Enlistment in the military soared, and manufacturing grew, in particular shipbuilding and aircraft construction. The value of production in the province essentially doubled over the six years of World War II. Indigenous peoples, along with Canadian residents of Asian descent and recent migrants, all enlisted to fight in the war, even though many were still not allowed to vote. In 1945, an Act to amend the Provincial Elections Act, 1945, allowed members of disenfranchised groups, if otherwise qualified, to vote if they had served in World War I or World War II. Industries traditionally closed to women, such as plywood, pulp, and paper mills, welcomed women's contributions to their workforce.
On December 8, 1941, one day after Japan attacked Pearl Harbour, wartime blackout measures went into effect all along the B.C. coast. Canada declared war on Japan shortly after and there was widespread fear that anyone of Japanese descent, in particular the coastal fishers who made up the majority of B.C.'s fishing fleet, might act against Canada's interests. Canada began seizing some 12,000 fishing boats belonging to Japanese Canadians and selling them off to mostly white fishermen.

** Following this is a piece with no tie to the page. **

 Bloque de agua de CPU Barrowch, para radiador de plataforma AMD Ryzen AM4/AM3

In 1942, B.C.'s Japanese population of approximately 22,000 were forced into internment camps throughout the interior. More than half were Nisei, born and raised in B.C. In order to finance the internment of the Japanese Canadians and to permanently discourage them from returning to the coast, the federal government confiscated their agricultural property and personal possessions and allowed them to be auctioned off or sold at low prices.

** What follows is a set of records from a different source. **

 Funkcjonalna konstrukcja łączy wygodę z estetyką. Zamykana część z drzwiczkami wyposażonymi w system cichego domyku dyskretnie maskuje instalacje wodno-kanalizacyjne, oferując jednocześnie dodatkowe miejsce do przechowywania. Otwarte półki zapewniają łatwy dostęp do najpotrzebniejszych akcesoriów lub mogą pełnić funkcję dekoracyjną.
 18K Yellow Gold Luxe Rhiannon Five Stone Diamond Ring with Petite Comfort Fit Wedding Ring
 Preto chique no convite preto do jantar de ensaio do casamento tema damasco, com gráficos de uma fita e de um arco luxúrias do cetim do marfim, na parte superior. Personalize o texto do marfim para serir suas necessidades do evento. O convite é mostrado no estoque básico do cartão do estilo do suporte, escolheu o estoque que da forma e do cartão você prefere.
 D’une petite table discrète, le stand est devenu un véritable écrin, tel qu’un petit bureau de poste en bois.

When the war concluded in 1945, the federal government began to offer internees the choice of deportation to Japan or relocation east of the Rocky Mountains. Deportation was later cancelled due to public protest, but not before nearly 4,000 people had been sent to Japan, including many Nisei who had never travelled outside of Canada. On April 1, 1949, Japanese Canadians were given the right to vote and the legal restrictions used to control the movement of Japanese Canadians were removed.
No Japanese Canadian was ever charged with disloyalty, and the incident is now acknowledged as one of the worst human rights violations in B.C.'s history. In 1988, the Government of Canada ​formally apologized and offered compensation to Japanese Canadian survivors and their families.